Raven Altar Cauldron

From The Spellware Collection™ of Ritual Art and Artifacts for Home, Office, and Altar: Enchanted Pottery from Cypress Moon. Each carefully hand-crafted cauldron is an original work of art (not a mass-produced import) and features a sacred motif. Excellent for home decor and ritual work, this multi-functional altar cauldron can hold a tea light, votive, pillar candle, herbs, stones, jewelry, and/or other small sacred objects.
  • Details

    Raven:Folklore tells us that Raven is a trickster, a protector, a teacher, and a bringer of great magick. Some may associate Raven with death, war, and evil, while others see Raven as a bird of wisdom and good omens. The Raven is considered one of the oldest and wisest of animals, with a high level of intelligence, flexibility, and adaptability. Since Ravens can be taught to speak and have such a complex vocabulary of their own, they are connected symbolically to both wisdom and prophecy. This speaking ability leads into the legend of Ravens being oracles, harbingers of powerful secrets, and messengers communicating deep mysteries. In Celtic animal symbolism it is a bird closely connected with battle and the Celtic Goddess Morrigan, who was a remarkable prophetess. "To have a raven's knowledge" is an Irish proverb meaning to have a seer's supernatural powers. Scottish Highlanders associate ravens with the second sight. Raven symbolism of wisdom and knowledge-keeping is connected with the Welsh hero Bran the Blessed, whose name means Raven.

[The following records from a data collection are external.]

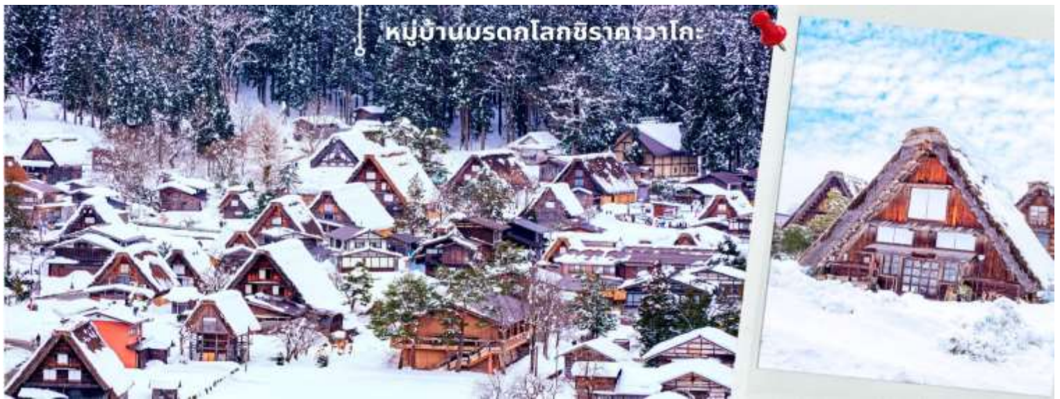
** การตกและความหนาของหิมะขึ้นอยู่กับสภาพอากาศ**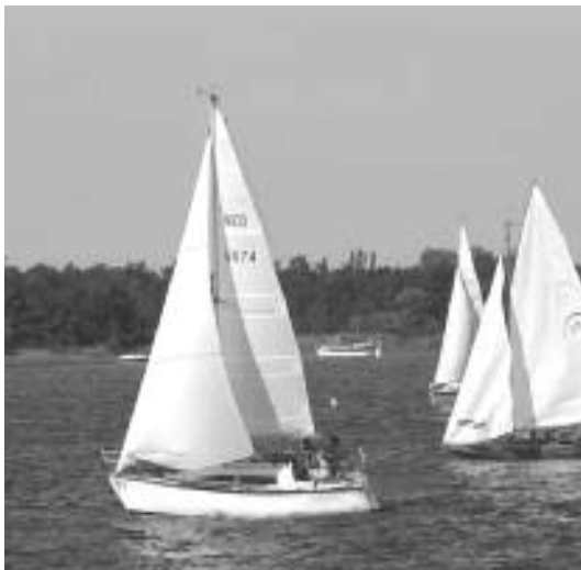
de Windrose op kop

Jeffrey de startklok omgehangen, en alleen gewacht op zijn orders.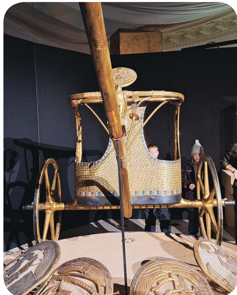
Колесница фараона Тутанхамона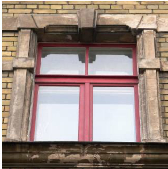
Ēka Lauku ielā Nr. 4, celta 1898.gadā, arhitektsAlfrēds Ašenkampfs. Trešā stāva logu ailes dekoratīvais noformējums. 2012. gads.

Trešā stāva logu ailes apmetuma veidotiem dekoratīvām, filigrāni izpildītām, apmalēm, augšēja daļa ar atslēga akmeņi centrā un kā otrā stāva visu logu ailu vienojošam divām horizontālām apmetuma joslām ķieģeļu fasādē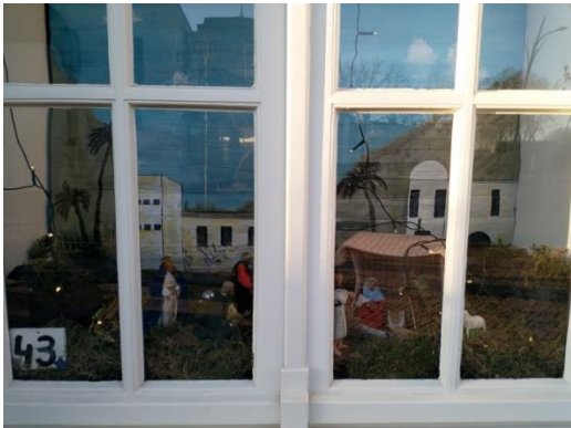
Kribke nr. 43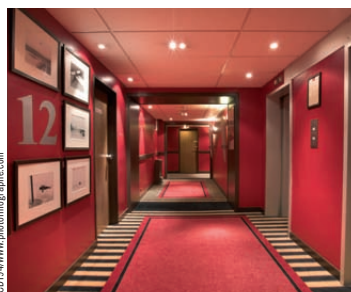
Mercure Paris Orly-Rungis

*Coût de la communication à partir de 34 cts/min **Coût de la communication à partir de 30 cts/min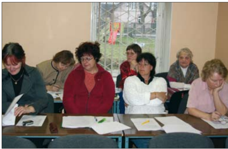
Arenduskoja koolitustel olid valdavalt esindatud naissoo esindajad. See- ga eelmise lk fotol olev küsimus "Kus mehed on?" on igati õigustatud.

Osavõtjate hinnanguid ja soove arvestades on MTÜ Arenduskoda edasistes tegevustes kindel ja tähtis koht nii uutel koolitustel kui ka juba alanud koolituste jätkukursustel. Kavandatud on läbi viia temaatilised projektkirjutamise ja -juhtimise kursused lähtuvalt MTÜ Arenduskoja LEADER strateegia alusel rakenduvatest meetmetest. Jätkukursused toimuvad mainekujundusalasel koolituse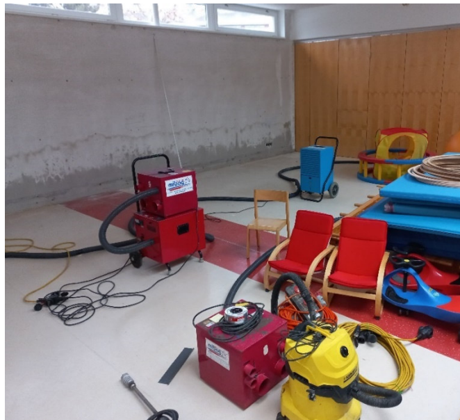
Abb. 5: Bauteiltrocknung

Beginn der Trocknung und der Schimmelbehandlung.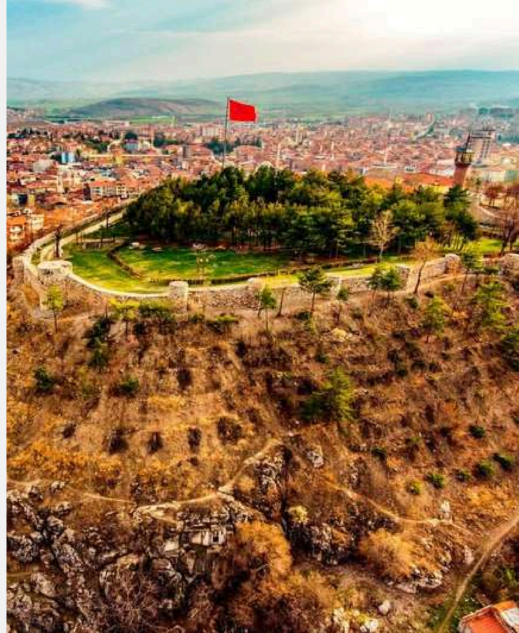
ZİLE KALESİ - ZİLE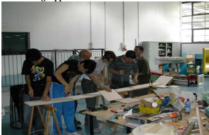
11 luglio 2005 - "lavoro di gruppo!"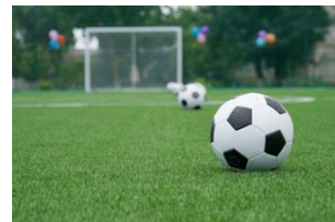
Специальная олимпиада России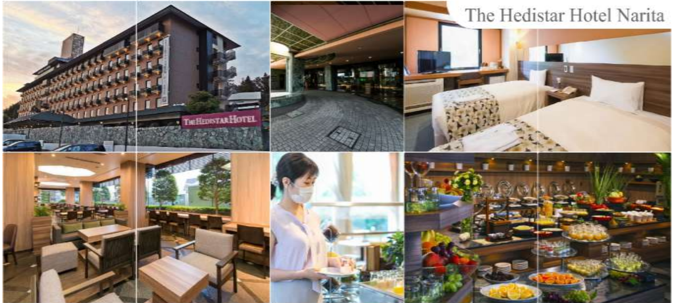
พักที่ THE HEDISTAR HOTEL NARITA หรือระดับเดียวกัน

ได้เวลาอันสมควรนำท่านเดินทางสู่เมืองนาริตะ (ใช้เวลาเดินทางประมาณ 1 ชั่วโมง)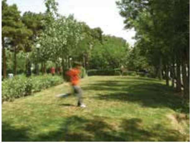
تصویر ۱۱-۵- حرکت موازی با دوربین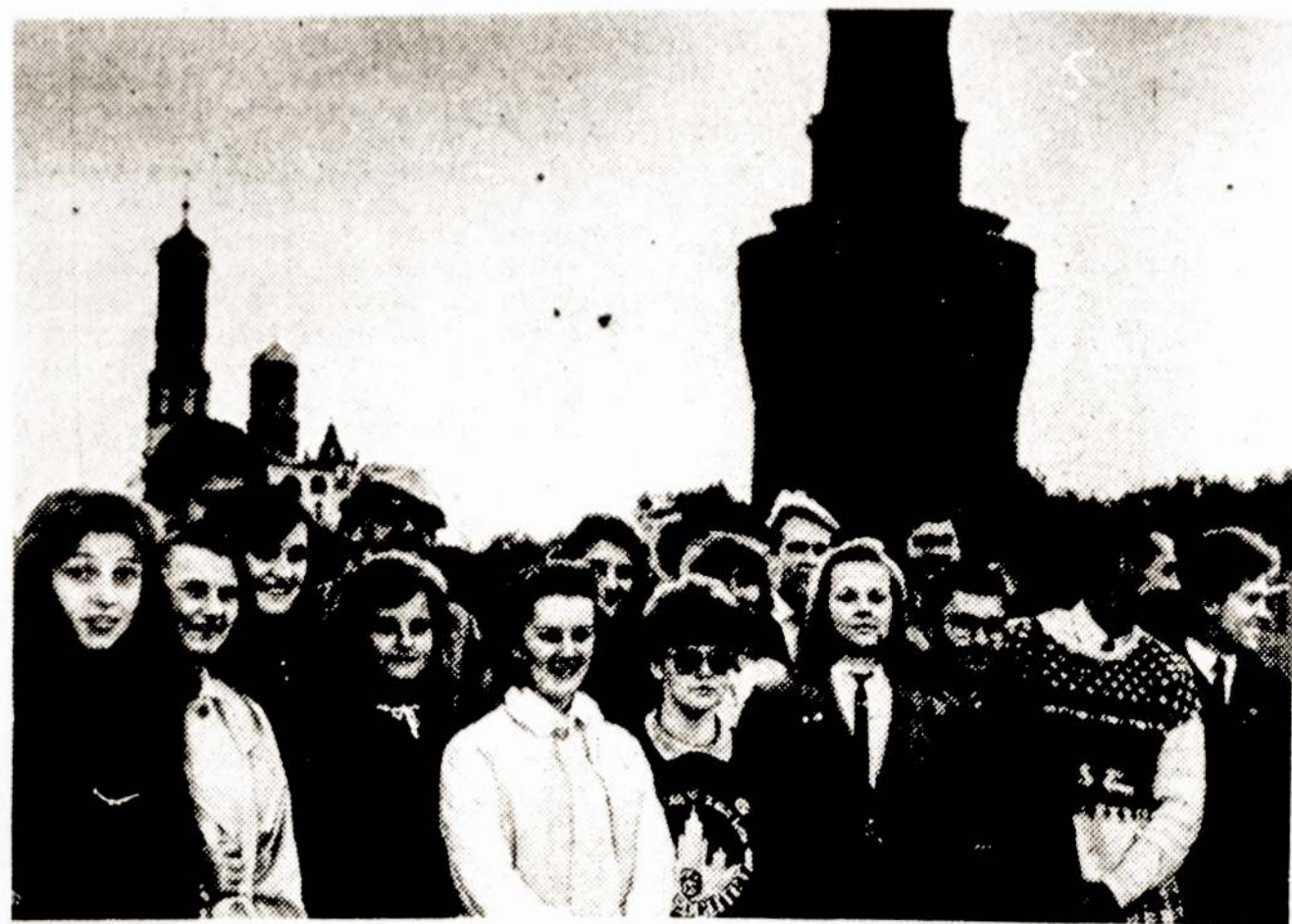
Grupė Maskvoje besimokančio Lietuvos jaunimo Raudonojoje aikštėje.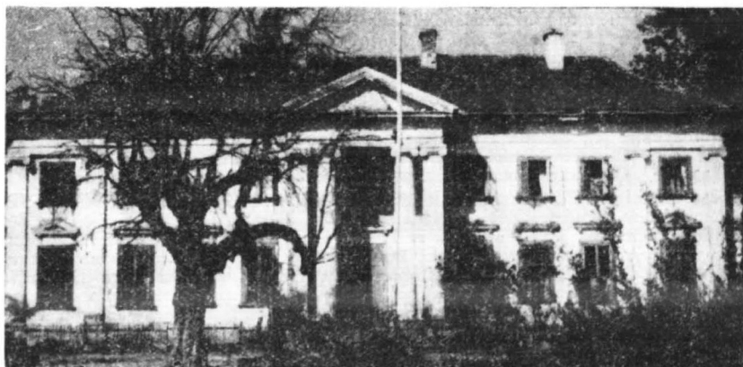
Klasycystyczny pałac z XVIII w. w Studzieniu

I wreszcie Łąck. Miejscowość posiada pseudorenesansowy pałac z drugiej połowy XIX wieku. Przed wojną była to siedziba letniskowa marszałka Rydza-Smigłego. Obecnie w pałacu mieści się Dom Wczasowy FWP. Mi-

Bran was the holder of ancestral memories, and his wisdom was legendary, so much so that he had his head (the vessel of his powerful wisdom) removed and interred in the sacred White Mount in London. Ravens are still roosting there (in the Tower of London), and they are thought to keep Bran's wisdom protected and alive by their presence. The raven is symbolic of mind, thought, and wisdom according to Norse legend. Odin (also known as the Raven God) was accompanied by two ravens: Hugin, who represented the power of thought and active search for information, and Mugin, who represented the mind and its ability to intuit meaning rather than hunt for it.